Vitishko’s letters held up by prison management

posted 26 Jan 2015, 03:49 by Rights in Russia   [ updated 26 Jan 2015, 04:00 ]
21 January 2015

Source: HRO.org (info)
The management of Tambov Penal Colony No 2 has held back letters written by its inmate Evgeny Vitishko, a member of the board of Ecological Watch for Northern Caucasus, who has been named a prisoner of conscience by Amnesty International having been sentenced to three years behind bars on grounds of ‘damage’ to the fence of the Krasnodar Governor’s ‘dacha.’

Evgeny Vitishko’s supporters reported these developments on social media on 19 January 2015, according to Kasparov.ru.

On 20 January the activists posted the following: "We learned from the public prosecutor today that letters sent a month ago by Vitishko to the court and the public prosecutor are still being held at the penal colony. The political officer is withholding them for some reason, and only allowing them to be sent in the presence of the public prosecutor. Is this some new approach to handling prisoners’ official letters? We have not yet been able to find out what has happened to Vitishko’s applications to the Supreme Court and Tuapse town court.”

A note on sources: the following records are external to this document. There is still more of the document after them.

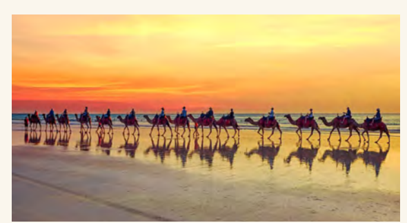
Enjoy a sunset camel ride in Broome

Encounter amazing wildlife, worldrenowned wines and the jaw-dropping Great Barrier Reef as you circle Australia.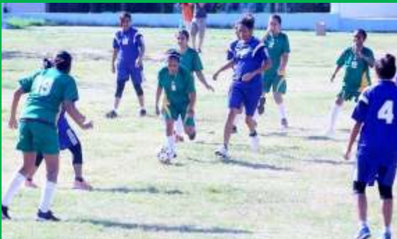
Australian Embassy female Team (with blue uniform) and the TIMOR GAP's Team (with green uniform)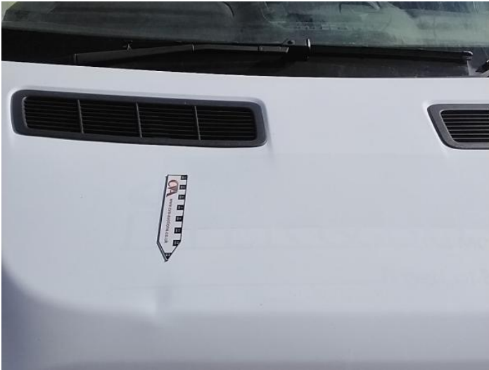
3: Bonnet Dented Between 10mm + 30mm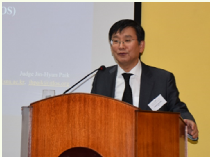
Judge Jin-Hyun Paik (Judge of the International Tribunal for the Law of the Sea (ITLOS)) making his presentation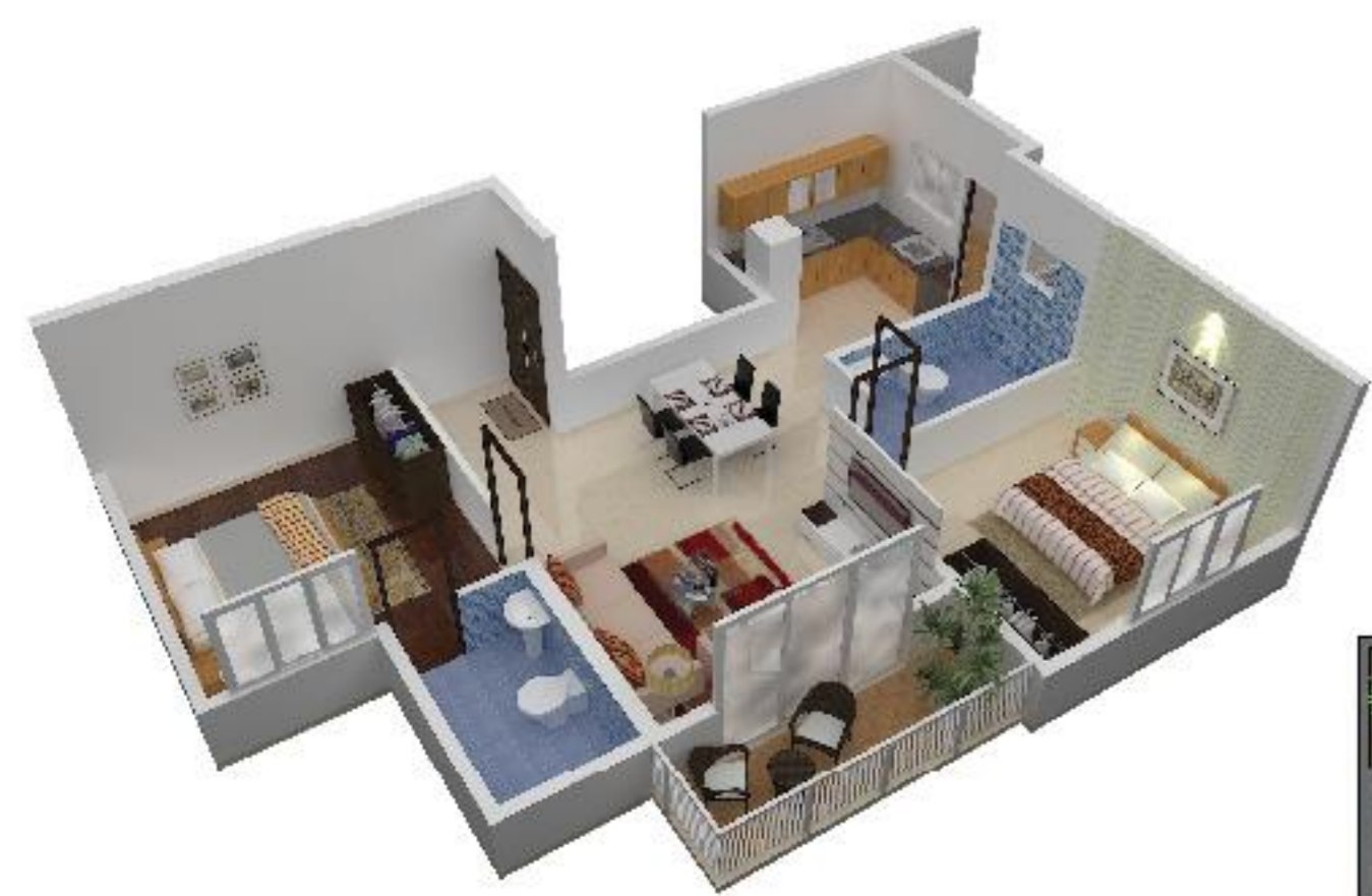
2 BHK Medium 2 Area- 1083 sqft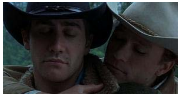
For love shall last Forever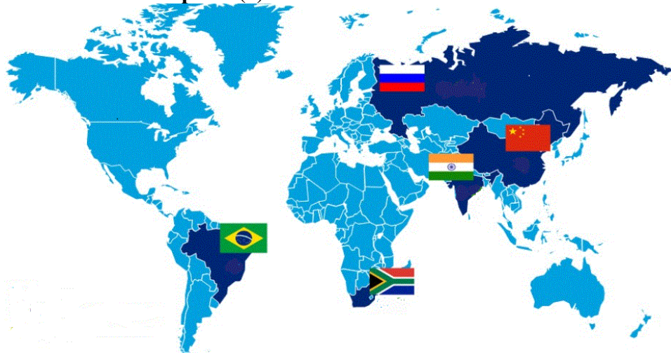
Map No. (1) shows the BRICS countries

The West believes that Russia hoped to use the BRICS group to increase its weight in the international system and that Russia's diplomacy in the BRICS group aimed at creating a "power multiplier" to increase the influence of Russia and the BRICS group on the international scene. Despite the sharp decline in Russian-Western relations after the conflict in Ukraine and Western sanctions on Russia, the BRICS group did not support or condemn Russia's actions in Ukraine, which creates a perception in the United States that it cannot strip Russia of its powerful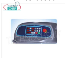
DIGITAL CONTROL PANEL Digital control panel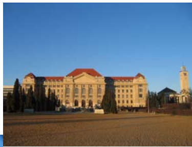
University of Debrecen

University of Debrecen: http://www.unideb.hu/portal/en/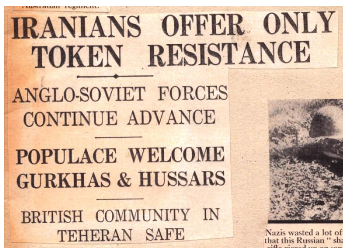
The Times August 27 th 1941

The Anglo-Soviet invasion of Iran , also known as the Anglo-Soviet invasion of Persia , was the joint invasion of the neutral Imperial State of Iran by the United Kingdom and the Soviet Union in August 1941. The two powers announced that they would stay until six months after the end of the war, which turned out to be 2 March 1946. On that date the British began to withdraw, while the Soviet Union delayed until May, initially citing "threats to Soviet security", followed by the Iran crisis of 1946.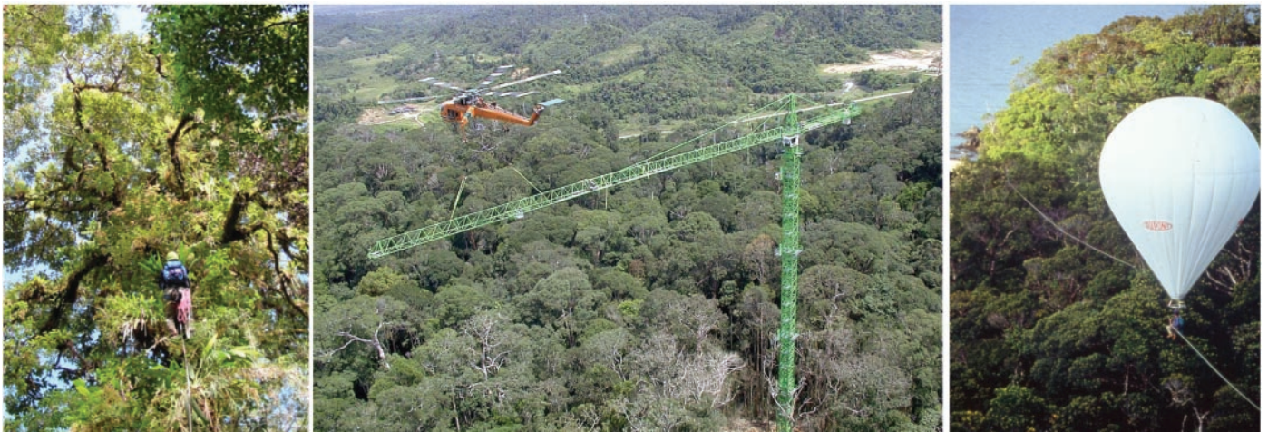
Fig. 1. Canopy-access techniques. (Left) Single-rope technique for sampling suspended soils. (Middle) Construction of Sarawak canopy crane. (Right) Canopy bubble—helium-filled balloon for canopy access.

Detritus-based food webs are ubiquitous: Within the canopy, trees grow roots from branches and inside trunks to access them (35). Dead and moribund branches have a rich associated fauna of saproxylic insects (36) (saprophages plus fungivores) and 40% or more of the canopy populations of Coleoptera (37). Perched litter, principally associated with the “baskets” of Asplenium ferns, are a prominent feature of most Old-World canopies (2), as is suspended litter and soil in temperate forests (38). These not only represent an additional, substantial biomass of detritus, but also have a rich fauna with many endemic species of groups such as Collembola (2) and Acari (3).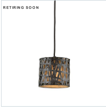
ALITA, 1 LT MINI PENDANT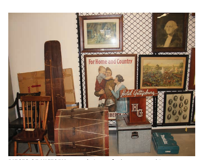
PIECES OF HISTORY: Several pieces of Adams County history are on hold in the new archive storage room, awaiting processing by archivists for the Adams County Historical Society.

Some of the stationary pieces in the museum include a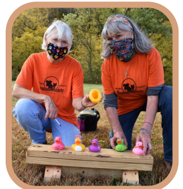
Volunteers making our Dawg Gone Walk & Fiesta a great success

Even though we weren’t able to see each other in-person as much as in past years, I (and our entire organization) still felt your support every single day. Whether it was via social media, email, phone calls or letters – you made sure to let us know you were still there. And, when we did get together, we accomplished great things! Despite the challenges, we were still able to safely hold all three of our major events in 2020, and they all exceeded our expectations.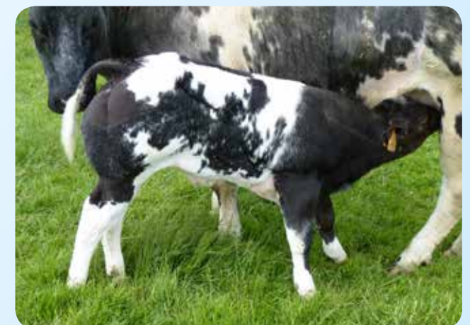
Still very young, the Manchester's calves are already lookers!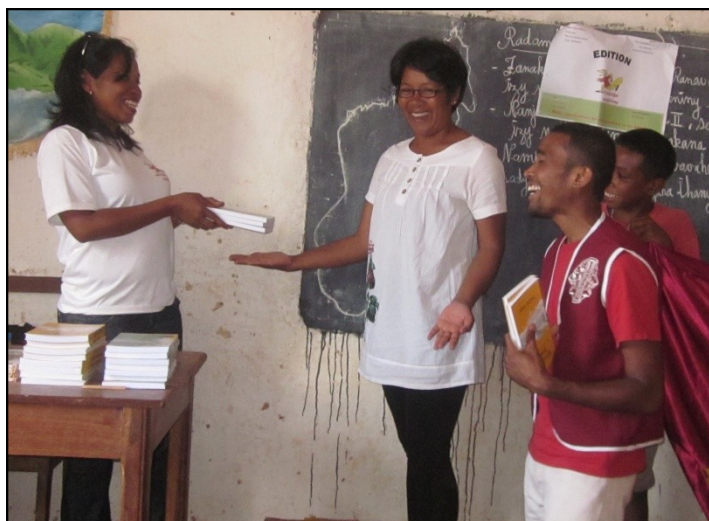
The director of the orphanage Henintsoa receives books from Vakoka Vakiteny in the presence of the students from the Leo Club (right in the picture) and the residents of the orphanage.

The students at the private universities in Antsirabe have together formed a nonprofit club called Leo Club and they have newly started a fruitful cooperation with Vakoka Vakiteny. After having heard of our books they requested some copies of children's books from us. Although we gladly provided them, we did not know exactly what they would use them for. It was therefore a great surprise when it turned out that they, on the basis of some of the stories, had made children's theater plays they intend to perform at schools!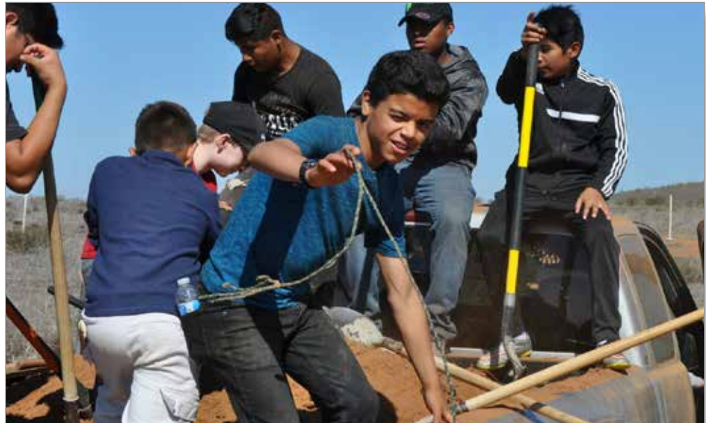
The Boys at The Ranch

Evgeny Vitishko, considered a political prisoner by Russian human rights activists, is serving a term in the penal colony after having sprayed slogans such as “This is our forest” on the fence surrounding the holiday complex built in a nature reserve, together with another activist, Suren Gazaryan. Environmental activists claim that the governor of the Krasnodar region has built his dacha on the complex.